Workflow solutions would help in putting the stop-plug in the leakage of resources.
Workflow is concerned with the automation of procedures where documents, information
or tasks are passed between participants according to a defined set of rules to achieve, or
contribute to, an overall business goal. Whilst workflow may be manually organised, in
practice most workflow is normally organised within the context of an IT system to
provide computerised support for the procedural automation.
For instance, it is common knowledge that one does not put his shoes on and then
followed by his socks, or one does not put on warm coat on and then the shirt or dress
over it! It is common knowledge that one does not put a tea bag in a mug full of cold
water and later boil it! It is knowledge of what comes first, then second, then third etc
that will help many organisations and individuals to attain better results in even basic
operations in business and individual lives.

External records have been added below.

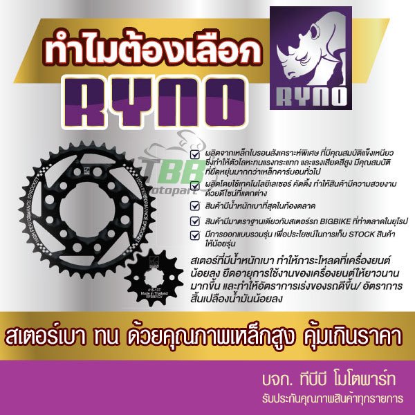สเตอร์หน้า RYNO ดำ 428 EXCITER/ M-SLAZ/ R15 /FIN เลือกฟันด้านใน 📌รุ่นอื่นดูที่รายละเอียดเพิ่ม
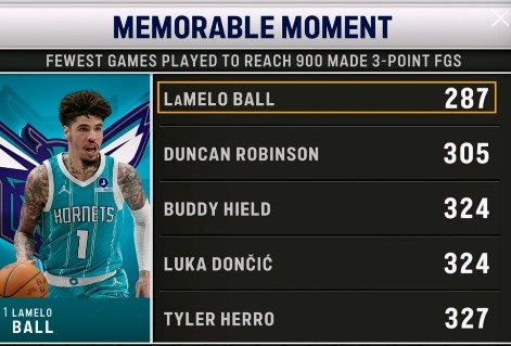 转播方晒出一组数据,NBA历史上投进生涯前900记三分所用场数最少的球员榜单如下:
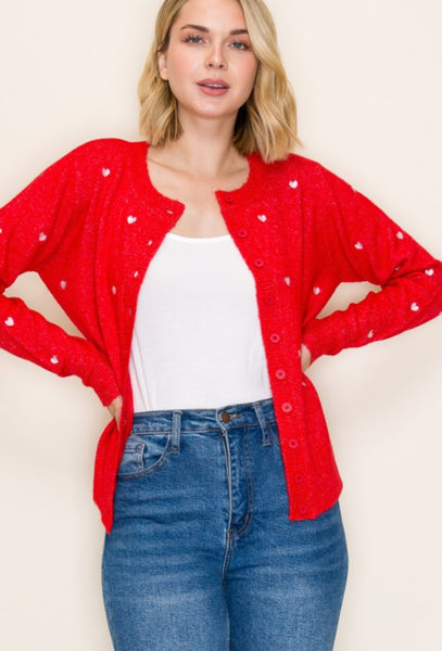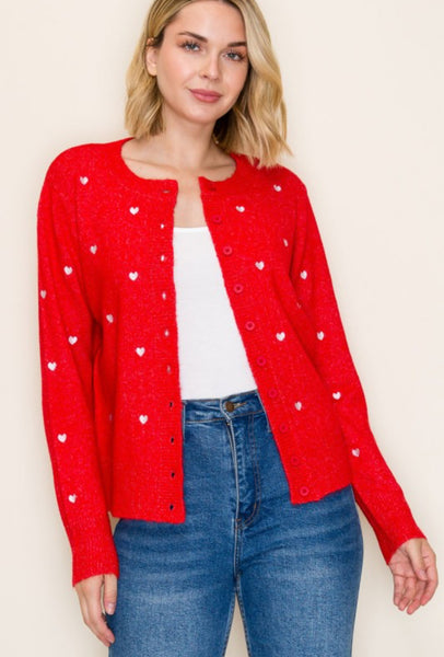 Valentine Hear Sweater Cardigan. Red
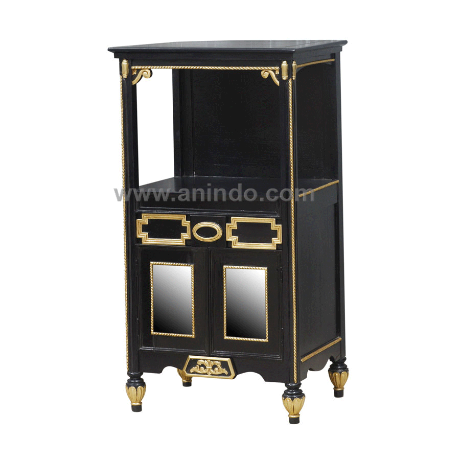 Small rack cabinet is made of solid mahogany wood in black combined with gold painted finish.
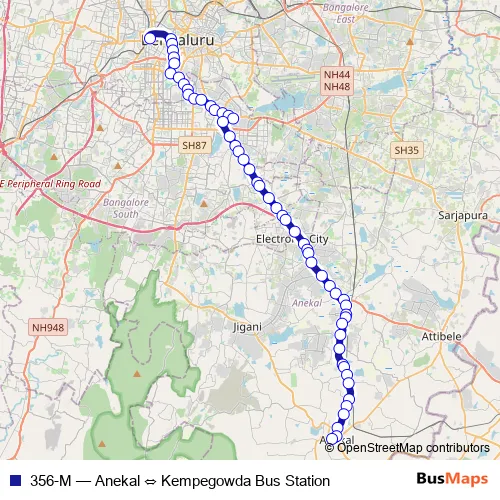 Bus 356-M - Anekal ⇔ Kempegowda Bus Station in Bengaluru: Stops & Timetable
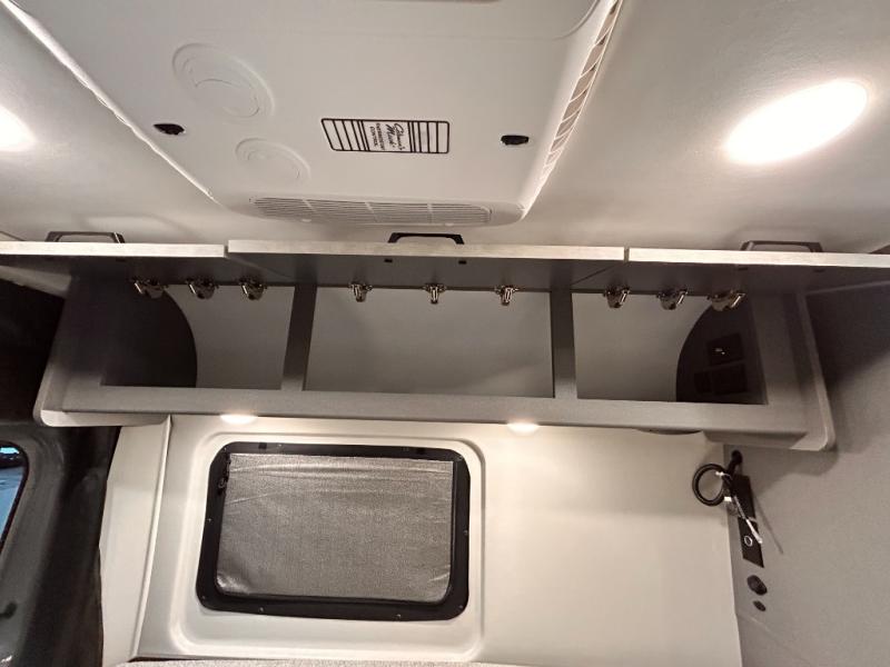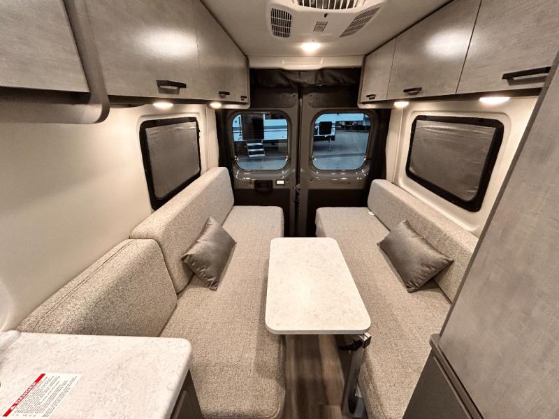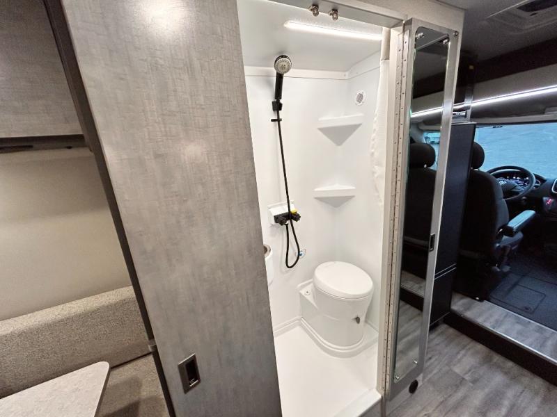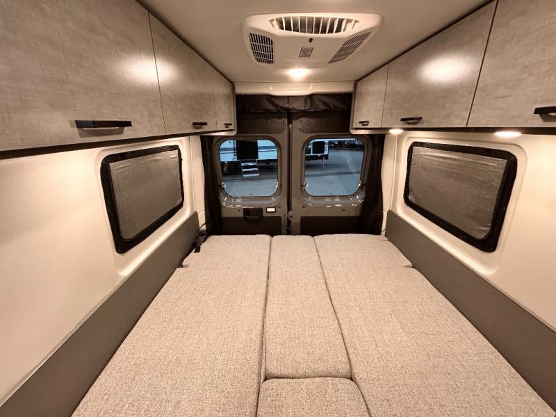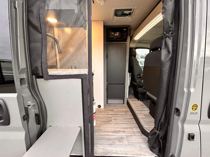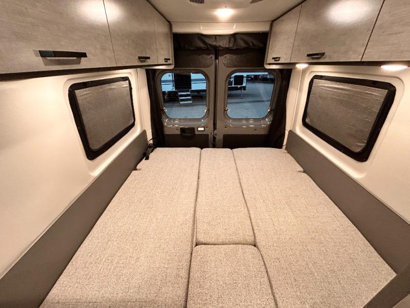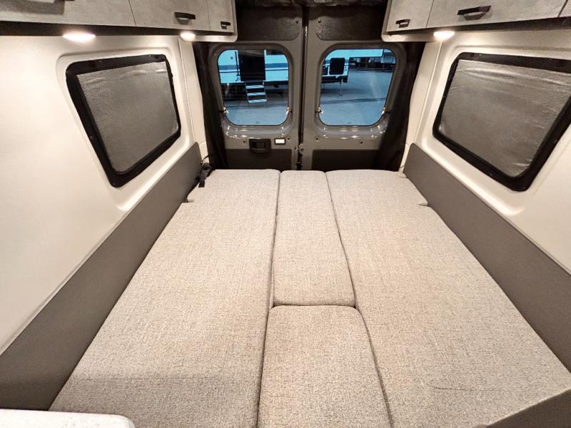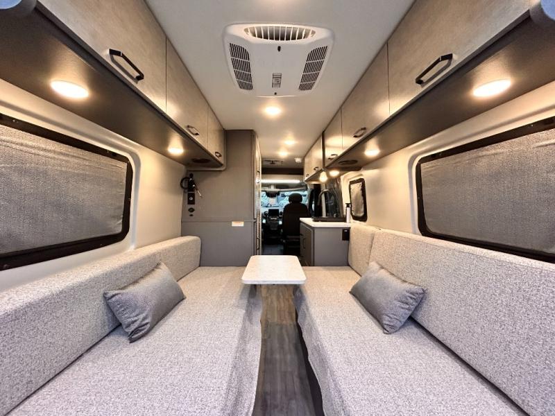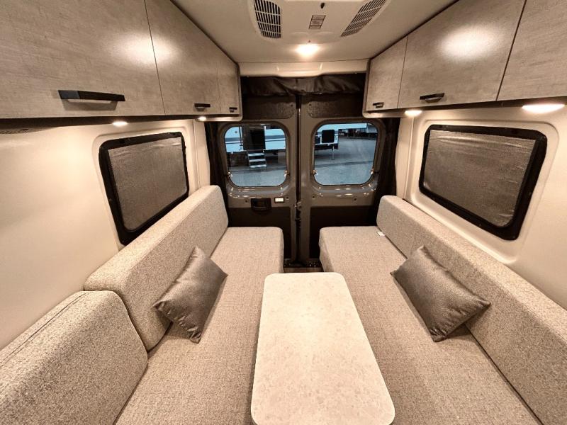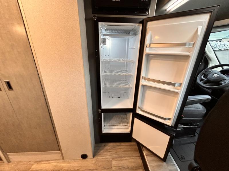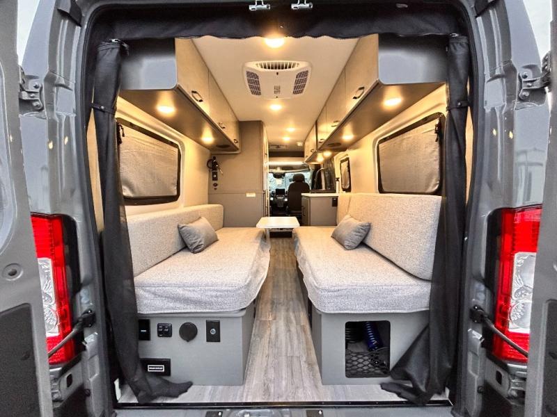 You'll love traveling in this cozy coach for two! The rear sofas convert to a full-width bed when you're ready, and an optional retractable roof rack with Sky Bunk can be added if you're needing additional sleeping space. You can whip up your best breakfast on the single burner induction cooktop or in the microwave oven, and there is a double door refrigerator to keep food fresh. The wet bath includes a cassette toilet, power bath vent with a wall switch and a deluxe shower curtain so you can freshen up each day.

The fear of technology has been exaggerated by those who thrive on the shortcomings of
the systems and like exploiting the status quo because it makes them seem more valuable
and non-expendable. If technology is regarded as being a complex issue, think about
what is actually happening in real life. Consider the 7 year old child who has learnt to use
the X-box, play station, surf the internet and in some extreme cases use a mobile phone.
Think of the complex games that Sony and Microsoft have peddled on the market that
teenagers spend precious man hours attempting to complete in record times! Teenagers
today spend record production man-hours completing complex games that demand a lot
of complex brain use than most technology enthusiasts would like to admit.

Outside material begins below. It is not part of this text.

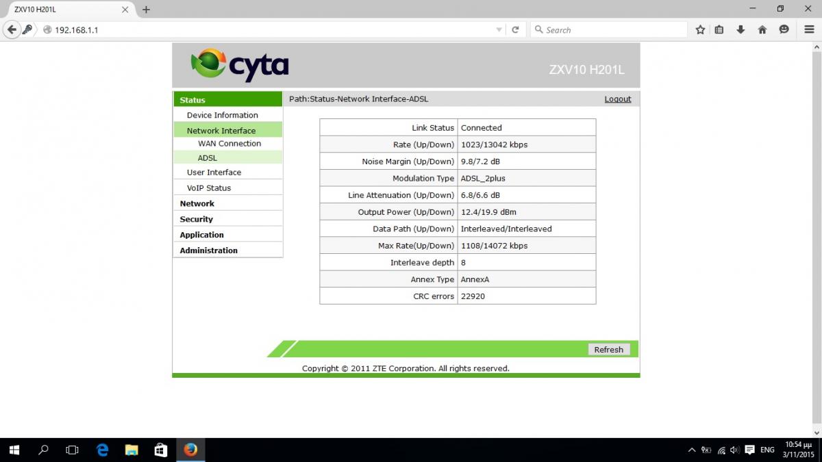 tha84 Δημοσ. 4 Νοεμβρίου 2015 Δημοσ. 4 Νοεμβρίου 2015 Καλησπέρα, Εδώ και λίγο καιρό έχω σύνδεση Cyta εως 24 Mbps. Συγχρονίζει στα 12. Απο τα στατιστικά της γραμμής μου πιστεύω οτι θα έπρεπε να είναι λίγο παραπάνω. Το μόντεμ που έχω είναι το ZXV10 H201L της ZTE το οποίο έχει τα θεματάκια με τις ασύρματες συσκευές μου αλλά και γενικότερα. Μπορώ να το αλλάξω με κάποιο άλλο (που να έχει και voip και να το υποστηρίζει η Cyta) ? Έχω κάνει διάφορες δοκιμές (φιλτράκια, συσκευές τηλεφώνου,καμία συσκευή εκτός το μόντεμ κτλ) και με το παλιό thomson tg585 v7 (χωρίς τηλεφωνία) αλλά πάλι εκεί συγχρονίζω. Η πολυκατοικία είναι σχετικά καινούρια και η εγκατάσταση καθαρή και στον πίνακα και στο διαμέρισμα (έρχεται καλώδιο ethernet και μόνο 1 ζευγάρι χρησιμοποιείται, λόγω voip χρησιμοποιώ ένα πριζάκι μόνο, το πρώτο της εγκατάστασης και πάνω στο μόντεμ το τηλέφωνο, ούτε συναγερμοί ούτε κάτι άλλο). Έχει έρθει τεχνικός της Cyta και τα βρήκε όλα πολύ ωραία. Με line attenuation 11 db δεν θα έπρεπε να είμαι λίγο παραπάνω ? Το gap το διορθώνει η Cyta ? Τι πρέπει να ζητήσω και που να απευθυνθώ? Παραθέτω εικόνες απο τα 2 μόντεμ και με Orbmt στο Thomson. Ευχαριστώ.
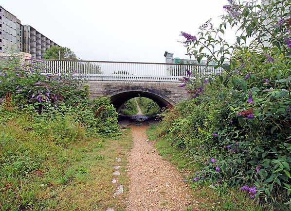![]() Station Name: PORTLAND HOSPITAL HALT![]() This new bridge over the Merchants' Railway is for access to the Ocean Views development. The girder bridge carrying the Easton line was on the far side of this bridge. (July 2013).

Smart phones like IPhones, HTC series or Samsung phones on the market are now found
on the remotest parts of poverty ravaged third-world Countries and are used effectively
for communication, social networking like Facebook, email and even business
transactions. The idea that technology is complex is hence defeated by such examples of
how easily humans adapt to the introduction of new things. Therefore, it is not factual to
claim that technology is complex but rather that it is simply misunderstood to mean
something else when in fact, it is in use in our daily lives from when we wake up to when
we lay down to rest.
The Workflow management community has attempted to simplify the essence of
procedures being the major culprit of poor results if not adhered to. The use of computers
has simply enhanced the argument that if procedures are followed with particular order
whilst using enhanced help from computer systems, then the results that are attained
bring about higher productivity and quality results required in these dreary economic
circumstances. In surmising, Workflow Management at its simplest is the movement of
documents and/or tasks through a work process. More specifically, workflow is the
operational aspect of a work procedure: how tasks are structured, who performs them,
what their relative order is, how they are synchronized, how information flows to support
the tasks and how tasks are being tracked.
As the dimension of time is considered in Workflow, Workflow considers "throughput"
as a distinct measure. Organisations need to understand that without the use of common
sense in work procedures, there will always be the fear of failure that is exaggerated and
peddled by dinosaur employees and Corporations that are on their way out.